Sunday, January 16, 2011

The Sabbath

We were sad to find out yesterday that there is no meetinghouse anywhere near here.  We were so excited to get up and go to church in a different place, listen to their beautiful hymns (recognizing the music, not the lyrics!)  and have the children go to primary.  Another "hard" thing for them to experience.  Why is it that kids are so afraid to go to primary in a ward they are not a part of?!
If we couldn't go to church the next best thing was to go back to the orphanage.  I am so happy that the children want to spend as much time as they can there.  Our little morning routines have been that we get up and have the children read for 30 minutes (that is our way of "getting school in").  They then write in their journals about the day before and express how they felt and what made them happy or sad or laugh.  We close with family scripture study and prayer.  It has been working great.   Now they know the routine and just get up and do it.  This is what I will miss when we have to go back to real life.  These mornings together have been priceless.  We then load up and drive to the orphanage.  We spend the day there and usually stop at a little outdoor market on the way home.  The kids love to see all the meat piled up with flies all over it and nothing to keep it cool.  They love the big bins filled with all sorts of bugs and worms and wonder who would ever pay money to eat it.  They smile as all the Thai people point to them and touch them on the heads.  They love to find cheap stuff to buy and new foods to try.  To my surprise they have been so adventurous with that.  They have drawn the line with pig heads hanging from hooks, chicken cut open with their insides hanging out, and fish that are on a piece of wood still moving.  It is so good for them to see the way most people buy their food.  Albertsons will be a luxury now :)
We then get to the hotel about 5 and the kids swim for a little bit before dinner and bed.  That was a tangent, but the point of it being that they really have not had a lot of time to swim, go to the beach, or just hang out.  So, it makes me even happier that they want to go to the orphanages as much as they can.
We went to the Holland House today.  The second we walked in there we all just lit up.  I know this is going to be hard to understand, but it is a little bit of heaven on earth.  It is basically 2 rooms-one indoor and one outdoor.  There is also a little bit of  grass with some play equipment on it in the back. The "showers" are outside and there is a little area with a sink and stove.  Everything about this place is old, pieced together, humble and crude.  It is like stepping back in time.  But, the physical things are dimmed because of the light that is there.  These children exude happiness (except for 2).  The simplicity in which they live allows them freedoms that we do not have.  All the "stuff" we have takes up so much of our time and energy.
After the children ate their lunch I got to do the dishes.  (I begged her, as they will never let us help with laundry, clean up etc.) She finally said ok and I went to work.  As I sat there washing these dishes by hand sitting on a stool, with water coming from a filtration system spicket, and dishes that were mismatched and stained I was so content.  I found myself wishing my life were more simple like this.  I thought I would say to myself, "I will never complain about having to put dishes in the dishwasher again!" But I didn't.  I think the reason why I was able to relish in the moment was because of two things. 
Number one-I didn't have to go anywhere or do anything.  I didn't have to rush off and get to a soccer practice or music lesson.  There were no phone calls or emails to answer.  I didn't have to go fold all the hundreds of outfits all my kids have but don't need.  I was in the moment and it was actually very enjoyable.
Number two-I was doing something for these children.  Work is a pleasure when you are doing it for somebody else in need.  It is an amazing principle.  When we serve others, we forget ourselves.
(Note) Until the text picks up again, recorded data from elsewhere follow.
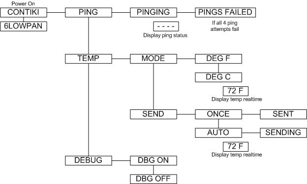 Operating the menu requires that the matching command set has been programmed into the ATmega1284 application. This will allow the menu to communicate properly and control the Contiki 6LoWPAN applcation on the 1284p.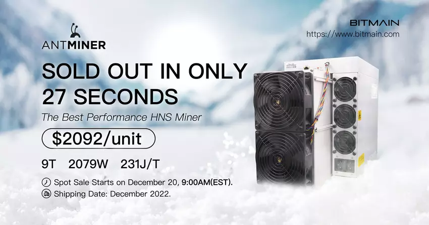 Der Preis für den Antminer HS3 lag bei 2092 Dollar. Das Unternehmen erwartete, alle Geräte zwischen dem 20. und 31. Dezember zu verkaufen. Allerdings waren alle ASICs innerhalb von 27 Sekunden nach dem Verkaufsstart ausverkauft.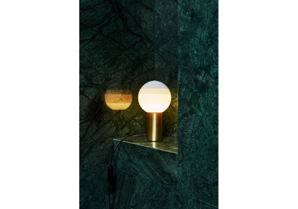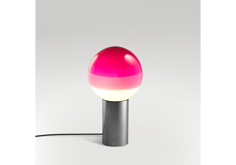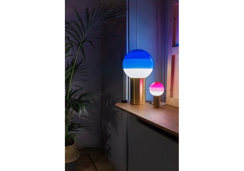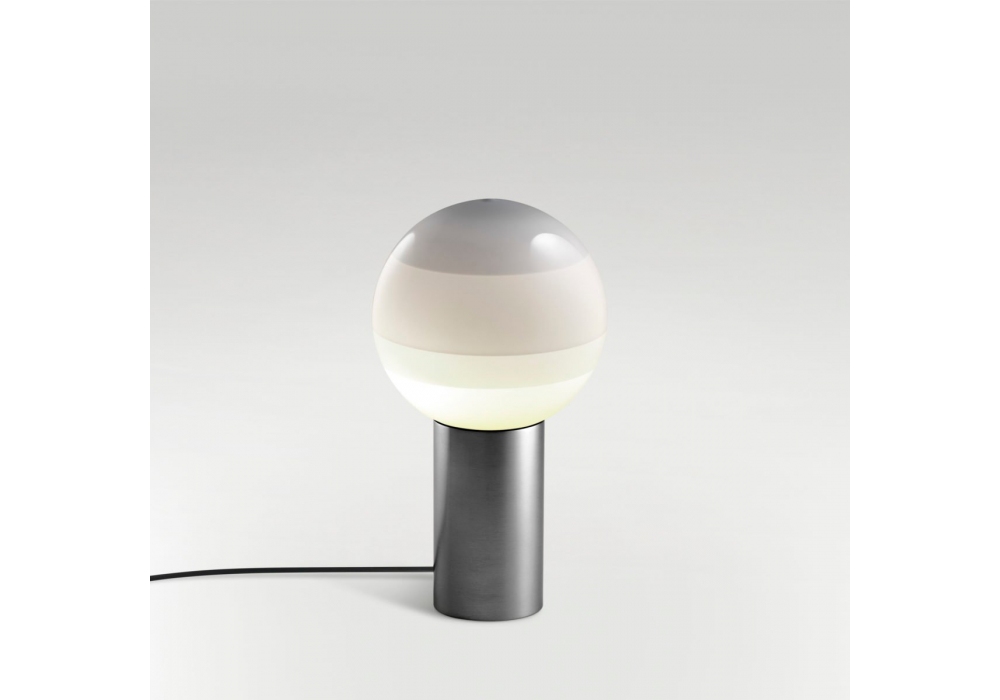 Dipping Light conçue par Jordi Canudas pour Marset est une lampe de table en métal et diffuseur en verre soufflé blanc brillant avec peinture en couches. Disponible en différentes finitions et tailles.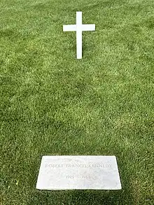 The grave is aligned along an east–west axis, roughly along the line of sight between Arlington House and the Jefferson Memorial.[1] The grave consists of an unadorned, white wooden cross at the head of the grave and a simple grey granite marker set flush with the earth at the foot of it.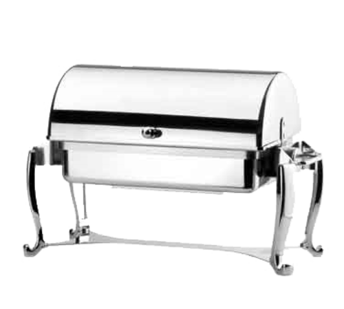 Chafing Dish, GN 1/1, 27-3/16"L (690mm) x 15-3/16"W (385mm) x 18-1/8"H (460mm), full roll-top lid, with burner holder, for burner or electrical heating, 18/10 stainless steel, Exclusive by Hepp (inserts & electrical heating not included)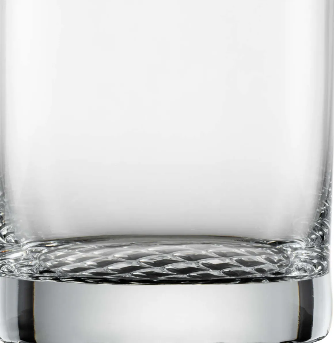 Whisky Tumbler aus der Serie Perspective von Schott Zwiesel. Das zylindrische Tumbler besitzt ein zeitloses Design mit einem Karomuster im Boden, wodurch man ein schönes Lichtspiel im Glas erhält. Servieren Sie Whisky und Cocktails in ihm.

  1. Allyson - this whole adventure is jaw-dropping. I loved your initial email, your reasons for going, the way you are teaching your children. I'm in shock - really - that you hauled all your little people across the world to learn how to love and serve those who are different from them. This is priceless. And I'm loving every post! Love you.

  2. I wonder if contentment is found in stripping away all of our luxuries so that we discover that peace that was there all along. Just wondering. And waiting for your posts.